-- Exercise materials follows --
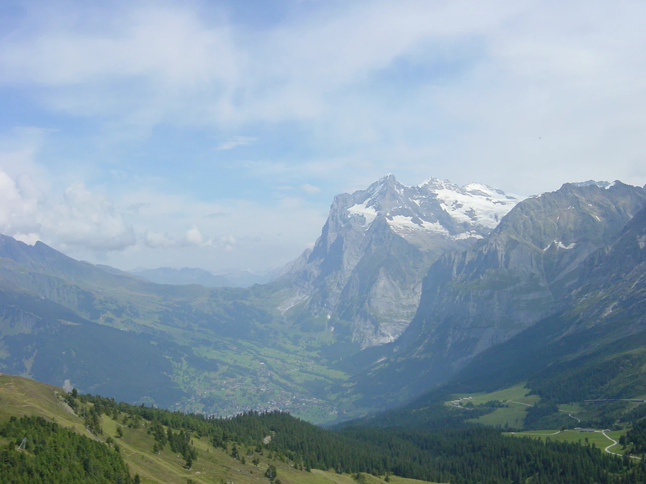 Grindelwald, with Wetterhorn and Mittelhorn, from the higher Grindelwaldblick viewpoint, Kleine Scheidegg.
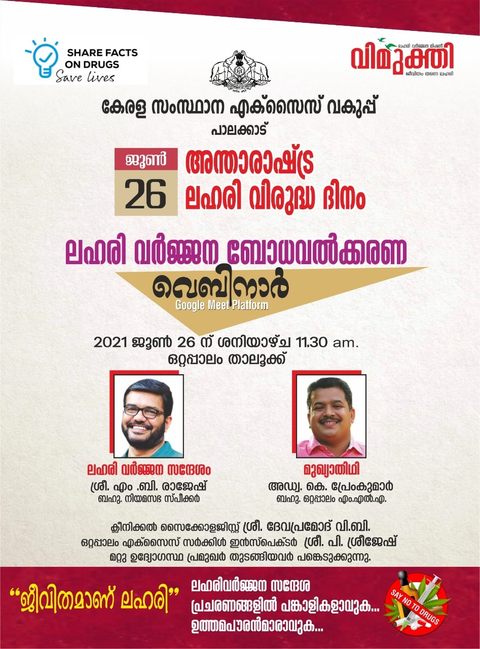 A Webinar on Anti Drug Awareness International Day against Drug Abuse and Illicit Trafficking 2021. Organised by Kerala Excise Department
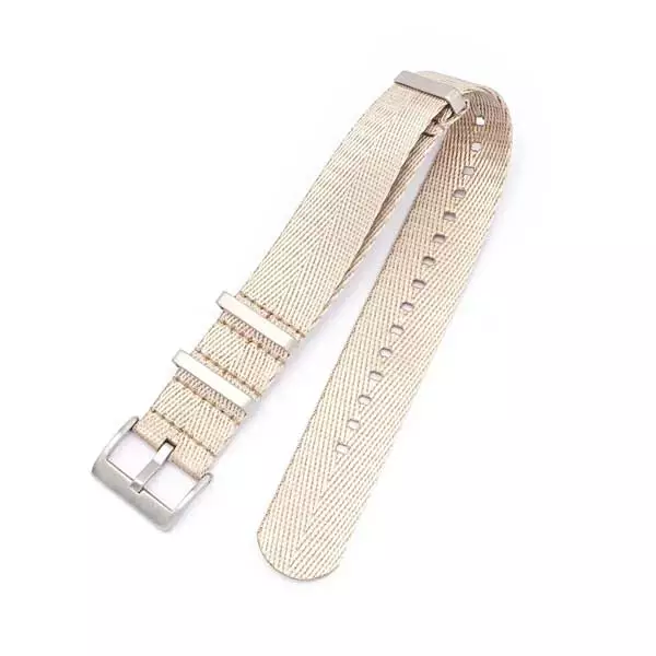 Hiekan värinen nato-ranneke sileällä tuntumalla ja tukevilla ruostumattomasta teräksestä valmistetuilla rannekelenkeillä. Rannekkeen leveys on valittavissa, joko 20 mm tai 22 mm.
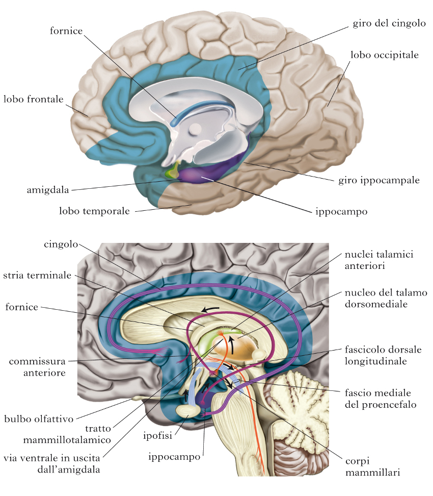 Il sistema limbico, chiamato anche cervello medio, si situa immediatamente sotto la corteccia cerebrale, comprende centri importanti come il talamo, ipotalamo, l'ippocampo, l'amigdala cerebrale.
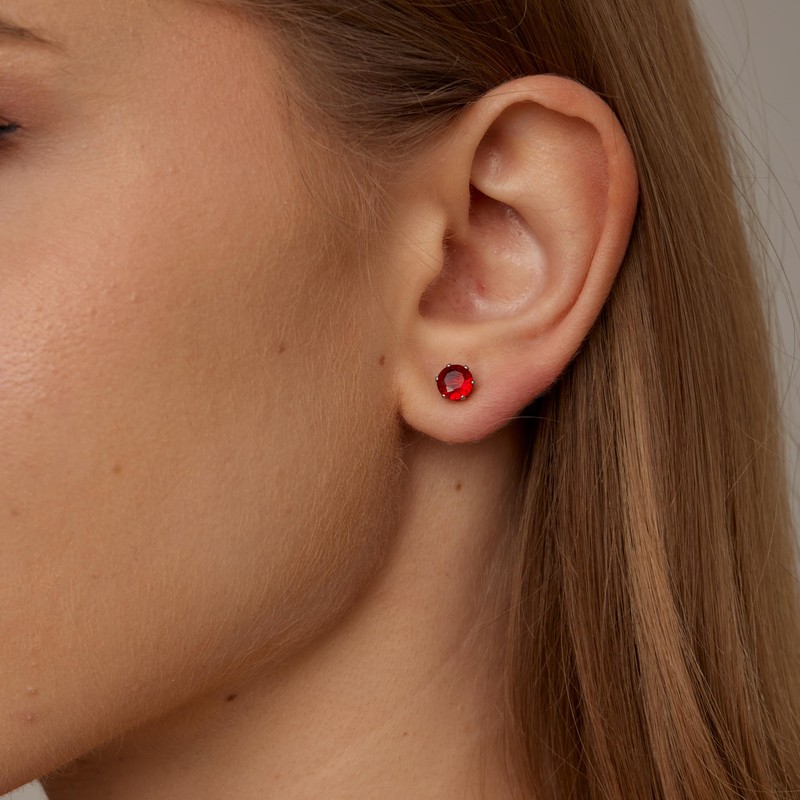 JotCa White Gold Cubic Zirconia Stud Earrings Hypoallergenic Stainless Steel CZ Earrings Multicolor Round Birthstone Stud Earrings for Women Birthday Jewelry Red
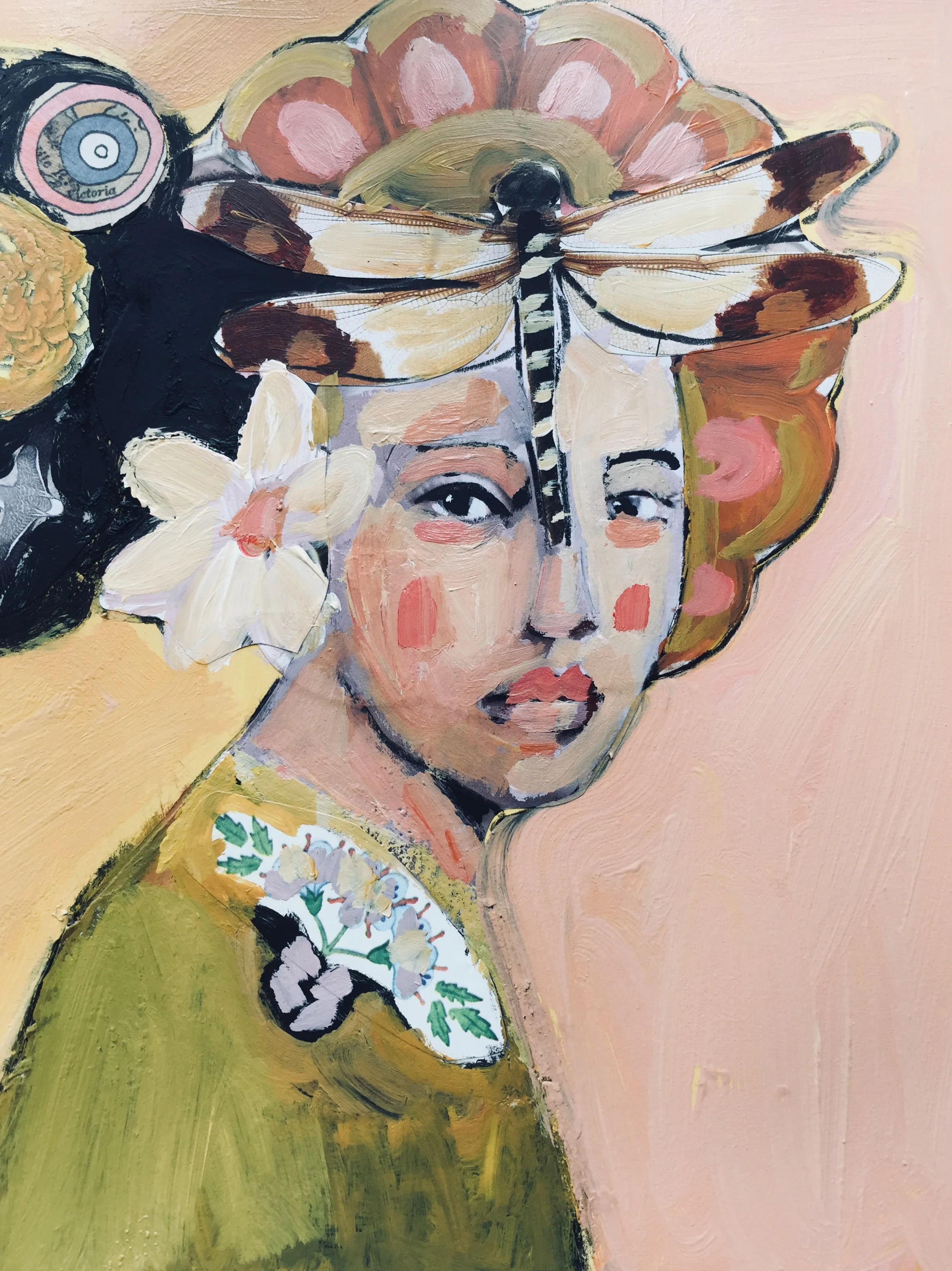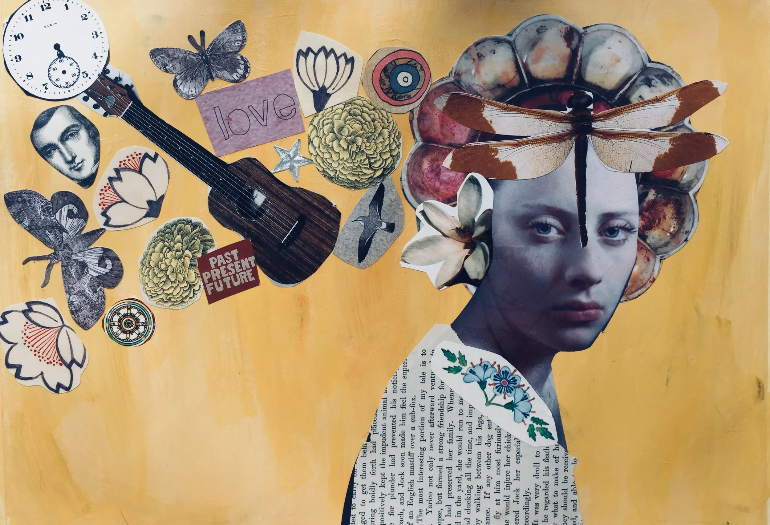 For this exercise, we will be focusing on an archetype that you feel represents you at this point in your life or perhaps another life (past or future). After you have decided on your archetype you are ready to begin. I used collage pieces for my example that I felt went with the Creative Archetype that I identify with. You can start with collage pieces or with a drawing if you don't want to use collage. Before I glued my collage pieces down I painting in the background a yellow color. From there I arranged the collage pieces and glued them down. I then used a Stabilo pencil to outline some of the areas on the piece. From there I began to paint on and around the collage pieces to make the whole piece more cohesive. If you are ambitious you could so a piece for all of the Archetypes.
-- Exercise materials concluded --
-- Exercise materials follows --
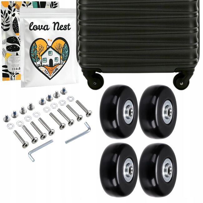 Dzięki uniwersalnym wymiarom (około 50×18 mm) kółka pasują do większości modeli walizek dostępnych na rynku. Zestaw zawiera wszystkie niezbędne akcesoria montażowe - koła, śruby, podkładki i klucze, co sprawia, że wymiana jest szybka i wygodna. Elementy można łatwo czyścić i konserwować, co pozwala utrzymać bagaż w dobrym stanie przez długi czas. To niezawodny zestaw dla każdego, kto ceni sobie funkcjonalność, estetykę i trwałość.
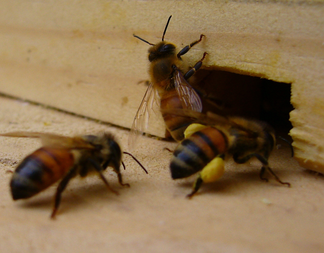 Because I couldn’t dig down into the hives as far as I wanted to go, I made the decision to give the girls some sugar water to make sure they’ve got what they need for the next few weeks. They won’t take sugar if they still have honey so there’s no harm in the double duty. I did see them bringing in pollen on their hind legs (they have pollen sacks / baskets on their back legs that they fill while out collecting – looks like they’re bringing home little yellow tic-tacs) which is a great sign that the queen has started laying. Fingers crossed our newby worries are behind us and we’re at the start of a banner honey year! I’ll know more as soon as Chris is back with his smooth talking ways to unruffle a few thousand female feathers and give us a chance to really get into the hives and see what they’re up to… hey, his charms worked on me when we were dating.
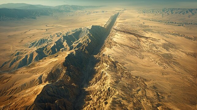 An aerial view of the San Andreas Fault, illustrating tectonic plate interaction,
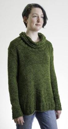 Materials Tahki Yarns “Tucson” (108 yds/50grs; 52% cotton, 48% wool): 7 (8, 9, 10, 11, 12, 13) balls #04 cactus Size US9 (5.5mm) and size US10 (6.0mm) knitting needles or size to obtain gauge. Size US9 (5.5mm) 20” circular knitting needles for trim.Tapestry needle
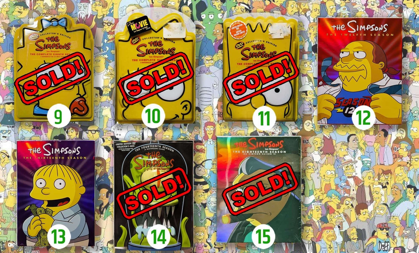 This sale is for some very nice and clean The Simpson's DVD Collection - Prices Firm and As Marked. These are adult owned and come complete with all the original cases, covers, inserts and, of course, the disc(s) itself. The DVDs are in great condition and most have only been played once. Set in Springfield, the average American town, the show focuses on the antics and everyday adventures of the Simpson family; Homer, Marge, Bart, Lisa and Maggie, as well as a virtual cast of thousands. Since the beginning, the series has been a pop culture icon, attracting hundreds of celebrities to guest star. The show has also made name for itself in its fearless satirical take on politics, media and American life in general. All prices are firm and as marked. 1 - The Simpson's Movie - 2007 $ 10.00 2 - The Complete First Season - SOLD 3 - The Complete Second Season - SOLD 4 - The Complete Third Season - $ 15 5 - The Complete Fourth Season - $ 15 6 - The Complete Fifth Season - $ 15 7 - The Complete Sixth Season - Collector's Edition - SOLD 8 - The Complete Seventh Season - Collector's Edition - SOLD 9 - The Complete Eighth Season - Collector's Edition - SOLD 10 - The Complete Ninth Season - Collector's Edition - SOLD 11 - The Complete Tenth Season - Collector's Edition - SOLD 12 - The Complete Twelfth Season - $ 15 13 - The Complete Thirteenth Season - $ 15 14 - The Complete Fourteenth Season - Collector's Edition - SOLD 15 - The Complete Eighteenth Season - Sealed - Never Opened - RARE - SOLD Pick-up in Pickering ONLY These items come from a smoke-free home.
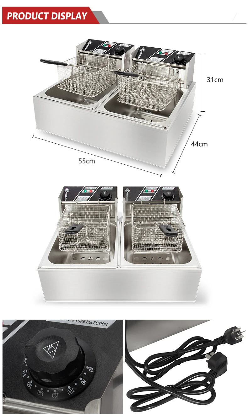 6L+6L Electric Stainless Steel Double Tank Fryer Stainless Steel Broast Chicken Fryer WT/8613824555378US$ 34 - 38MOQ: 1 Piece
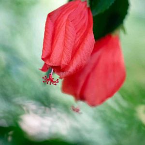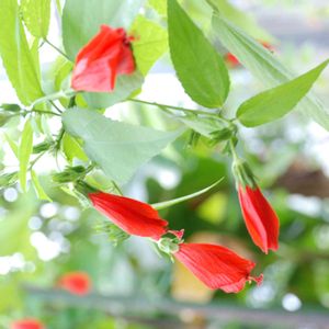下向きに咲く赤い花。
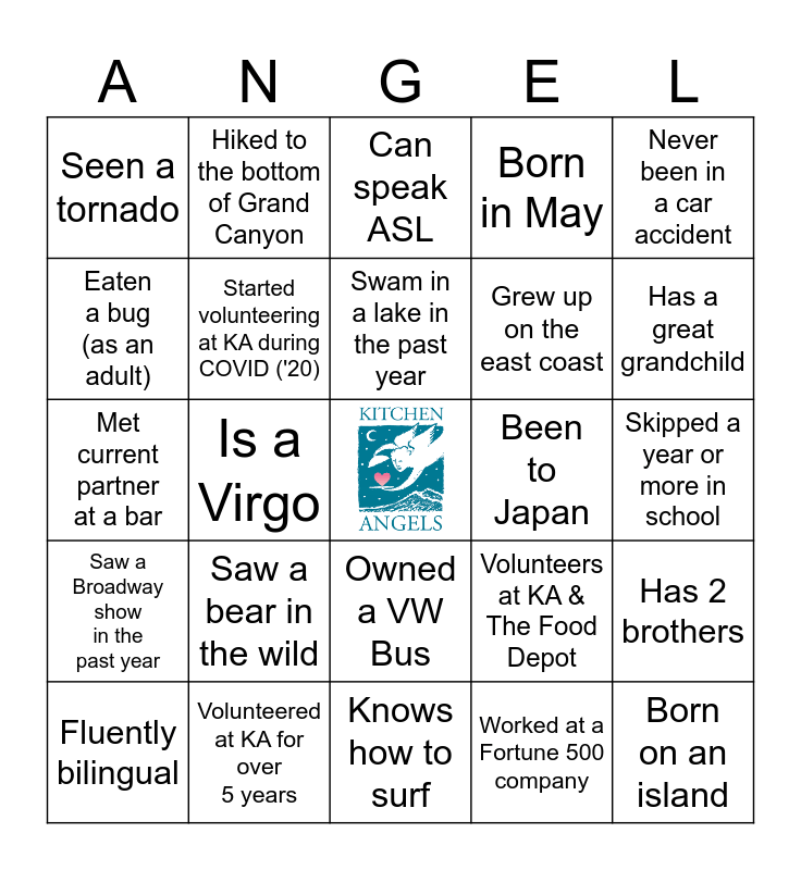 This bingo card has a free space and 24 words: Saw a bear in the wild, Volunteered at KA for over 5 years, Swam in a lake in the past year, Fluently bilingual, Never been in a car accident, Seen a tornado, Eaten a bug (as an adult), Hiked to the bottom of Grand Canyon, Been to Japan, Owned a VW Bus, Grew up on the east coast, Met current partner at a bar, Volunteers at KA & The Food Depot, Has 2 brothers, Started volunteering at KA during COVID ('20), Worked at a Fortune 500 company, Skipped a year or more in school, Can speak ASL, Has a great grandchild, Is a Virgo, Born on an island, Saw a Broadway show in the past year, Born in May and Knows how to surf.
-- Exercise materials concluded --
-- Exercise materials follows --
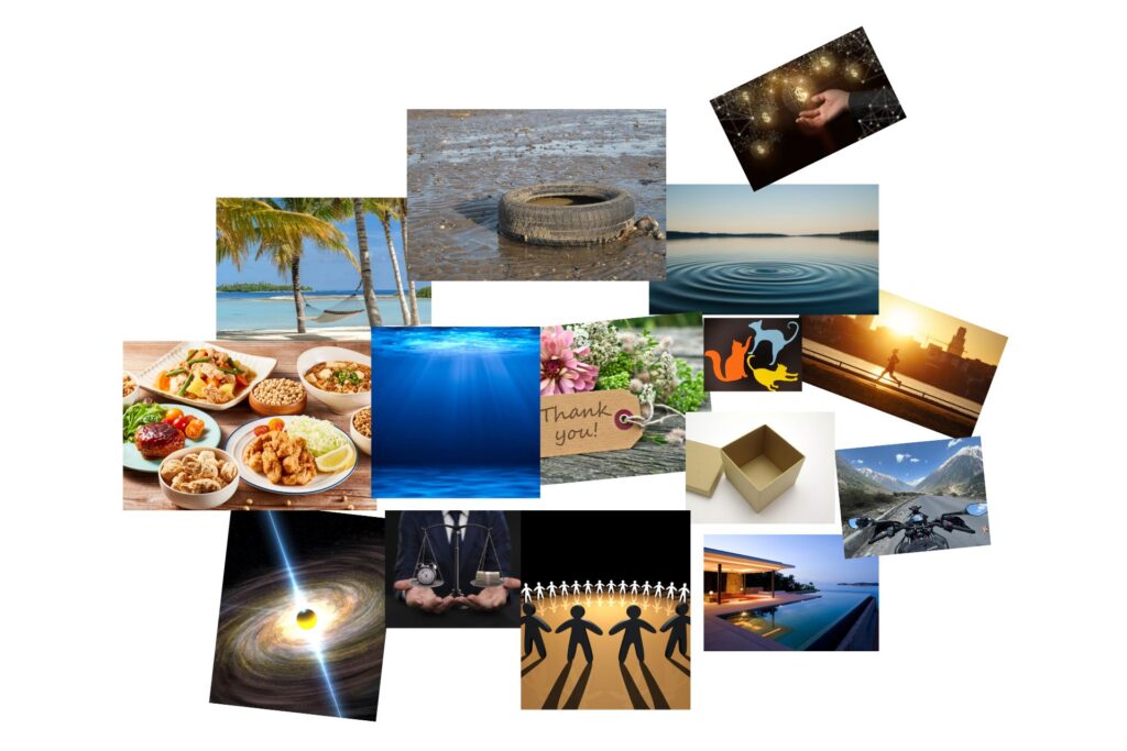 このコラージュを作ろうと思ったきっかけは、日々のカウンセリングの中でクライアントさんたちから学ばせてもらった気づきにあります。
-- Exercise materials concluded --
* **Prompt**
An exact copy of the lines above from the one with "An aerial view" up to and including the one with "Materials Tahki Yarns" is required; reproduce only those lines, omitting all pictures.

* **Answer to this problem**
 An aerial view of the San Andreas Fault, illustrating tectonic plate interaction,
 Materials Tahki Yarns “Tucson” (108 yds/50grs; 52% cotton, 48% wool): 7 (8, 9, 10, 11, 12, 13) balls #04 cactus Size US9 (5.5mm) and size US10 (6.0mm) knitting needles or size to obtain gauge. Size US9 (5.5mm) 20” circular knitting needles for trim.Tapestry needle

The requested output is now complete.